Posted by: andrea | 12 September 2005 at 06:44 PM
Vanessa says, "You can just Google 'nitrogen contamination soledad ca' and lots on information will come up."
Hope that helps!
Posted by: Tana | 13 September 2005 at 07:17 AM
Huh... Blue Babies is the descriptive term for babies born with a congenital heart defect (hole) causing them to be bluish in color.
I had never before heard of nitrogen theories of blue-pigmentation.
learning something new everyday!
Posted by: McAuliflower | 13 September 2005 at 10:23 PM
ps... not to make this a beauty contest or anything, but Geoff Palla has quite the jaw-line going on there. ;) I've always thought happy people were the beautiful ones.

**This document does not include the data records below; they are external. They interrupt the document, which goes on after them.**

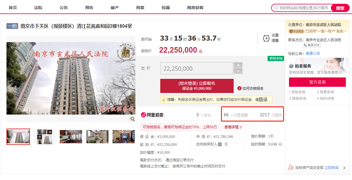 该套房屋起拍价2225万,起拍单价约3.7万/㎡,市场评估价约3178万,相当于打了7折!竞买人需交保证金300万元,竞拍增价幅度为1万元,该套房屋将于2021年4月22日10时起拍。目前,该房屋有人居住,拍卖成交后法院负责交付标的实物。
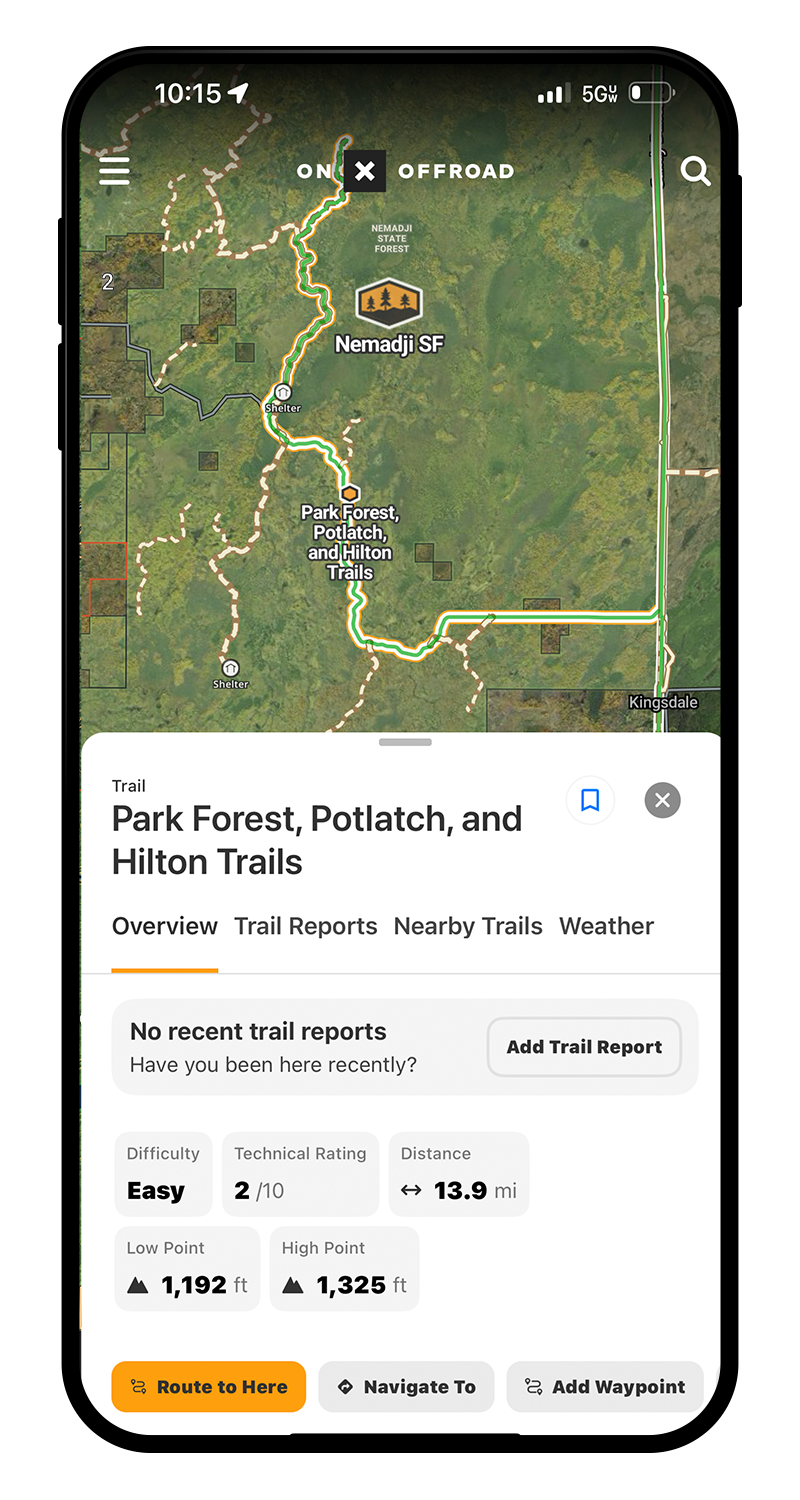 Find trails for SxS, 4×4, ATV, dirt bike, and snowmobiles across the nation. Tap any trail for details such as open and close dates, difficulty ratings, and trail photos. View 500K rec points like campsites, trailheads, and boat launches. Learn More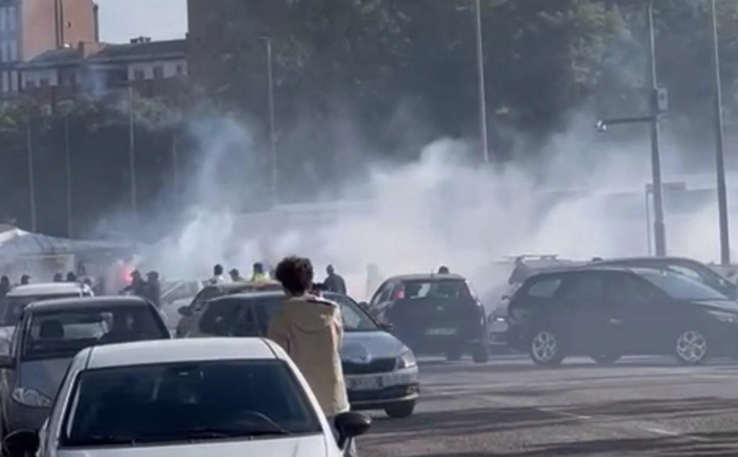 据悉大约有60名球迷卷入其中,警方随即介入,部分球迷已经被拦下。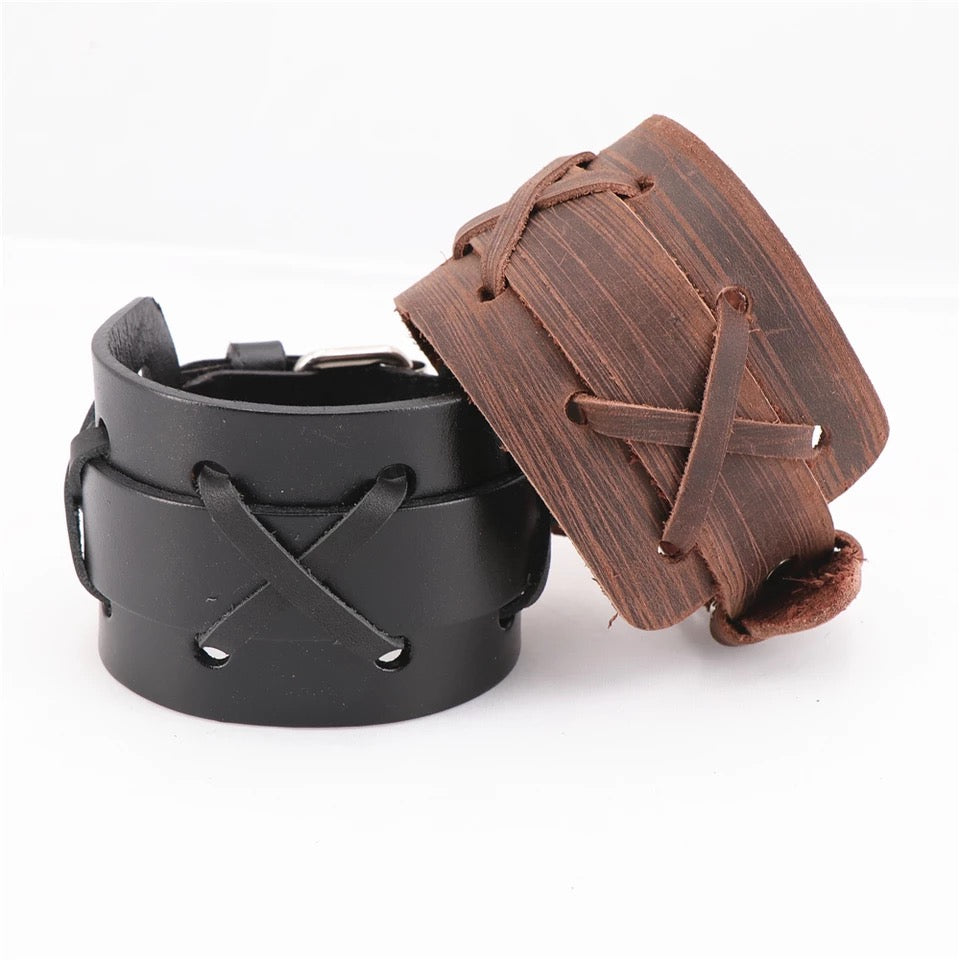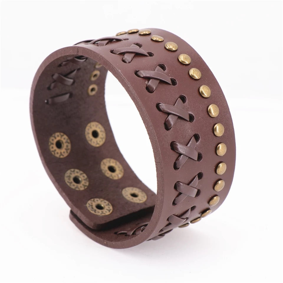 BRAZALETE ANCHO CUERO GENUINO 100%

Posted by: McAuliflower | 13 September 2005 at 10:26 PM
Heh heh heh, looks like you took my advice and went to the farmers' photo album. Geoff does have a jaw you could ski off of, it's true. And I do think he's happy--but I really don't know any grumpy asshole farmers. I think they work hard and sleep well at night.
Thanks for leaving comments, especially for the fun ones.
Posted by: Tana Butler | 13 September 2005 at 10:37 PM
Tana: I love reading your stuff.
Speaking of pretty farmers: Jason McKenney!!! Mm.